Another one to dig up this old thread. I’m a little late to the party, but this may be germane discussion. I thought to identify a unique factorization (I’m looking more generally at a factor analysis Y_i ~ N(BF_i, D) ; F_i ~ N(0, H)
) by the following:
- Set loadings to lower-triangular (no more rotation invariance)
- Set diagonal to positive (no more sign invariance)
- Order diagonal (no more permutation invariance)

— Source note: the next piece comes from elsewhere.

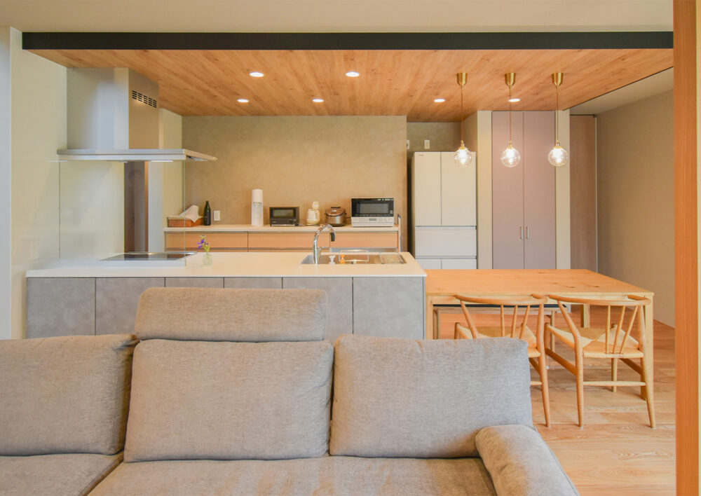 キッチンとダイニングテーブルを横一直線に配置。作ったご飯をサッと出せて、お皿を下げるのも劇的にラクになります。天井の深い木目とグレーのキッチンが、落ち着いたカフェのような雰囲気を演出します。

this would look something like
def expand_packed_block_triangular(n, k, packed, diag=None):
# like expand_packed_triangular, but with n > k.
assert n >= k
out = tt.zeros((n, k), dtype=float)
if diag is None:
idxs = np.tril_indices(n, m=k)
out = tt.set_subtensor(out[idxs], packed)
else:
idxs = np.tril_indices(n, k=-1, m=k)
out = tt.set_subtensor(out[idxs], packed)
idxs = (np.arange(k), np.arange(k))
out = tt.set_subtensor(out[idxs], diag)
return out
ZeroTruncNormal = pm.Bound(pm.Normal, lower=0.0)

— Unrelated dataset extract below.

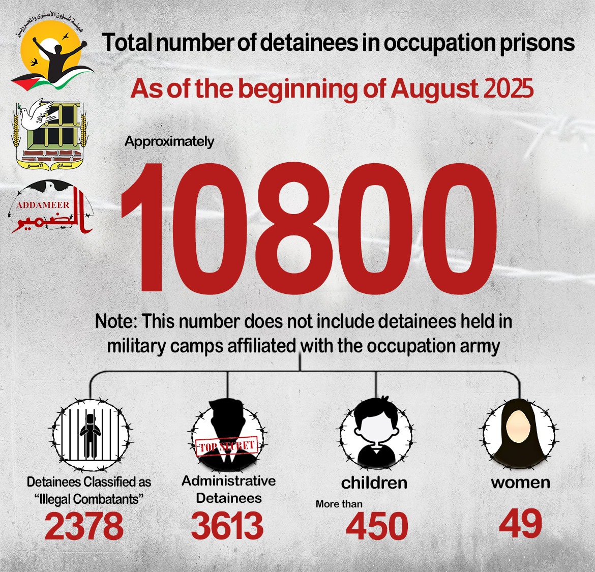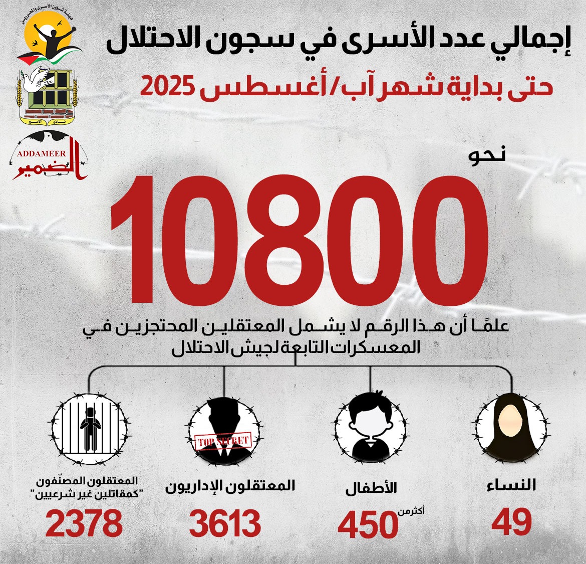 🔴 تحديث عن أعداد الأسرى والمعتقلين في معتقلات الاحتلال الإسرائيلي حتى بداية شهر آب/ أغسطس 2025

# using `obs` data from this thread
c=5
n=N
k=2
with pm.Model() as bfa:
# factors are normally i.i.d.
F = pm.Normal('F', 0., 1., shape=(k, n)) # latent vars
# loadings are right lower triangular with a diagonal
Wod = pm.Normal('W_packed_od', 0., 10., shape=(k*c - k*(k-1)/2 - k,))
Wd = ZeroTruncNormal('W_packed_d', mu=1., sd=3., shape=(k,),
transform=pm.distributions.transforms.Ordered(),
testval=1. + 1 * np.arange(k))
W = pm.Deterministic('W', expand_packed_block_triangular(c, k, Wod, Wd))
L = pm.Deterministic('L', tt.dot(W, F))
d = pm.HalfCauchy('err_d', 5.)
Capprox = pm.Normal('Capprox', mu=L, sd=d, shape=(c,n)) # far faster
traces = [pm.sample(200, chains=1, init='adapt_diag') for _ in xrange(6)]
I’m finding that it doesn’t quite work right, with NUTS resulting in over-broad loadings which result in switches:
import seaborn as sbn
colors = ['blue', 'red', 'green', 'yellow', 'black', 'magenta', 'orange']
for tr in traces:
for j in xrange(2):
sbn.kdeplot(tr['W_packed_d'][:, j], color=colors[j])
and ADVI routinely giving inf
values for the loss, and generating broad estimates well into the infeasible model regions
So, are there better ways of modeling these constraints? Or is the symmetric approach far superior?